◆ **Source data**:
'''

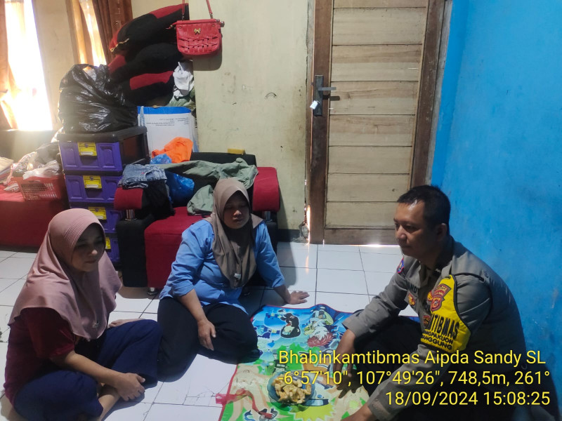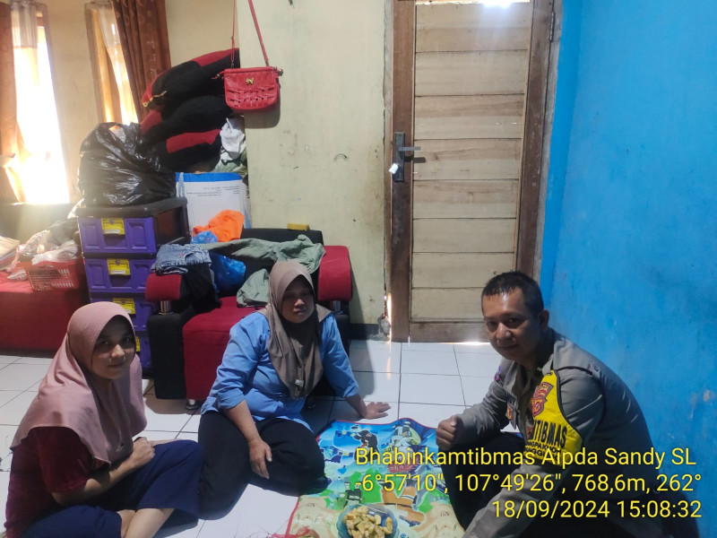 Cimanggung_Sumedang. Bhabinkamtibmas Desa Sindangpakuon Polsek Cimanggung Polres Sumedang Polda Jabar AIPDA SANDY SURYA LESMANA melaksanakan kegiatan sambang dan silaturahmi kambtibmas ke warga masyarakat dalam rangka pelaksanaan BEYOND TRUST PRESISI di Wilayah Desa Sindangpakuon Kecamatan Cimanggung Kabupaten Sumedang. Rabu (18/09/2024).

'''
'''

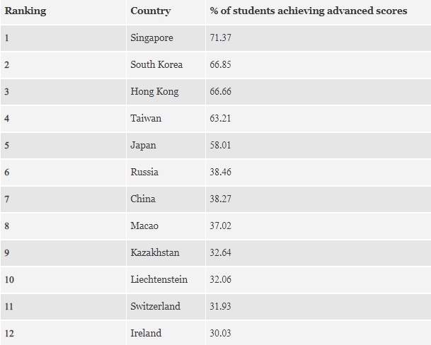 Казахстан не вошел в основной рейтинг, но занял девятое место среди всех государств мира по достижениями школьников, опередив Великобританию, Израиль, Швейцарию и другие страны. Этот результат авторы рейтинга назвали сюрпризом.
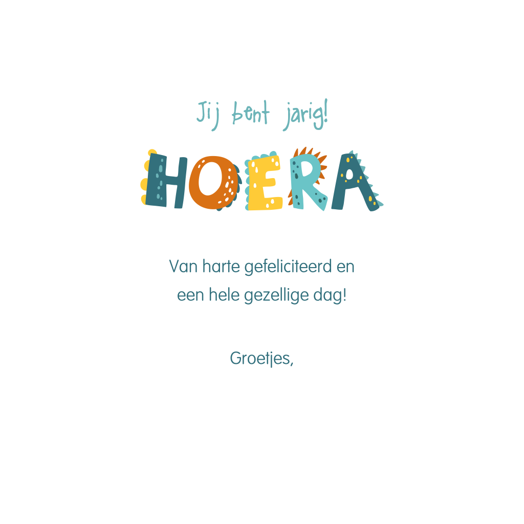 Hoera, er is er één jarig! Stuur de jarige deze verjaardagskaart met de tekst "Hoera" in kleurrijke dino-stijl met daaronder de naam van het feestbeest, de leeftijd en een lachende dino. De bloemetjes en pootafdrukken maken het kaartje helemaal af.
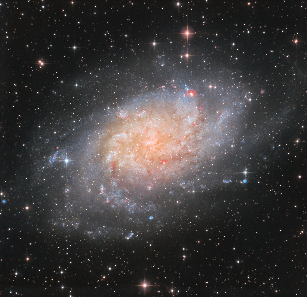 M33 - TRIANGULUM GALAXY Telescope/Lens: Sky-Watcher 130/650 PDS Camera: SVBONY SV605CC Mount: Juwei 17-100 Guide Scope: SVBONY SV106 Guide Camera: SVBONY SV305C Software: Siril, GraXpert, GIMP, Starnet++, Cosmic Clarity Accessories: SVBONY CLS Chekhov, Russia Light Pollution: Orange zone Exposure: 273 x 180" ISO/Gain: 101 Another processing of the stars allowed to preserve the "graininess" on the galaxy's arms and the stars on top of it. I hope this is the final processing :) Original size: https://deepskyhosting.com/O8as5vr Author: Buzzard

'''
'''

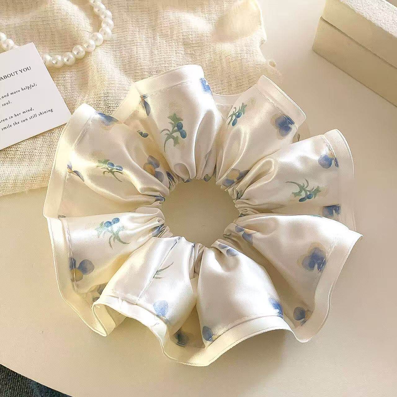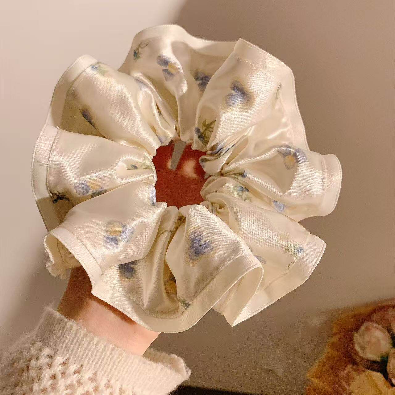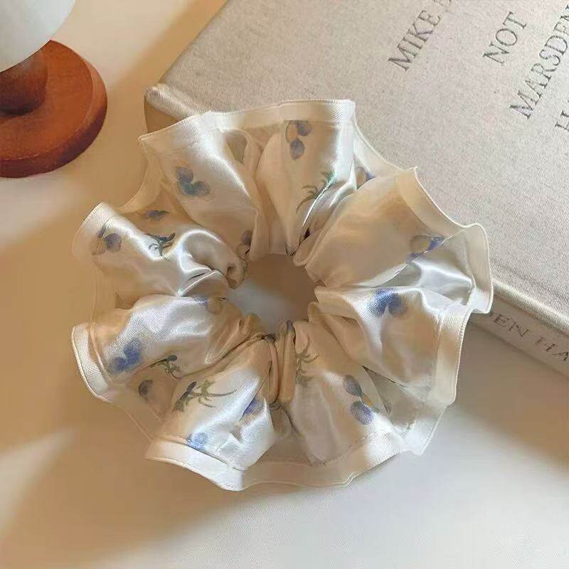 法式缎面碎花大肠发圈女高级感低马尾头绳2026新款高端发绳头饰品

'''

◆ **To do**: Among the records above, locate the line containing "Hoera, er is" and the line containing "M33 - TRIANGULUM", then transcribe exactly the lines starting at the first and ending at the second, with no pictures.

◆ **Your response**:
 Hoera, er is er één jarig! Stuur de jarige deze verjaardagskaart met de tekst "Hoera" in kleurrijke dino-stijl met daaronder de naam van het feestbeest, de leeftijd en een lachende dino. De bloemetjes en pootafdrukken maken het kaartje helemaal af.
 M33 - TRIANGULUM GALAXY Telescope/Lens: Sky-Watcher 130/650 PDS Camera: SVBONY SV605CC Mount: Juwei 17-100 Guide Scope: SVBONY SV106 Guide Camera: SVBONY SV305C Software: Siril, GraXpert, GIMP, Starnet++, Cosmic Clarity Accessories: SVBONY CLS Chekhov, Russia Light Pollution: Orange zone Exposure: 273 x 180" ISO/Gain: 101 Another processing of the stars allowed to preserve the "graininess" on the galaxy's arms and the stars on top of it. I hope this is the final processing :) Original size: https://deepskyhosting.com/O8as5vr Author: Buzzard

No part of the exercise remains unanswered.